From dca9877c78e955ee3f6b4c00a824bea3a5343f04 Mon Sep 17 00:00:00 2001
From: Mason Chang <masonchang@google.com>
Date: Tue, 27 Feb 2024 18:27:12 +0000
Subject: [PATCH 1/3] Automove CUDA tensors to xla device if they aren't
 already on the XLA device

---
 test/dynamo/test_dynamo.py      | 33 ++++++++++++++-
 torch_xla/core/dynamo_bridge.py | 73 ++++++++++++++++++++++++++++++++-
 2 files changed, 103 insertions(+), 3 deletions(-)

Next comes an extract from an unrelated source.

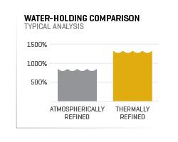 By way of comparison, competitive wood fiber mulches typically use an atmospherically refined wood process, which creates shorter, coarse fibers that greatly reduce water-holding capacity.

diff --git a/test/dynamo/test_dynamo.py b/test/dynamo/test_dynamo.py
index fb13ba94323..d46f44d6386 100644
--- a/test/dynamo/test_dynamo.py
+++ b/test/dynamo/test_dynamo.py
@@ -83,7 +83,7 @@ def test_simple_model(self):
     res_xla_dynamo = fn_simple_dynamo(xla_x, xla_y)
     self.assertIn('xla::add', met.counter_names())
     self.assertTrue(torch.allclose(res_cpu, res_xla_dynamo.cpu()))
-    # verifiy that tracing is skipped in following runs
+    # verify that tracing is skipped in following runs
     met.clear_counters()
     res_xla_dynamo_2 = fn_simple_dynamo(xla_x, xla_y)
     self.assertNotIn('xla::add', met.counter_names())
@@ -103,6 +103,35 @@ def test_simple_model(self):
     self.assertNotIn('XLAData: None',
                      torch_xla._XLAC._get_xla_tensor_debug_info(xla_y3))
 
+  # Tests that the dynamo bridge automatically moves tensors to XLA device,
+  # then back to the original device.
+  @unittest.skipIf(xr.device_type() != "CUDA",
+                   f"GPU tests should only run on GPU devices.")
+  def test_simple_model_automoves_tensors(self):
+    x = torch.tensor(100.0).to(device="cuda")
+    y = torch.tensor(200.0).to(device="cuda")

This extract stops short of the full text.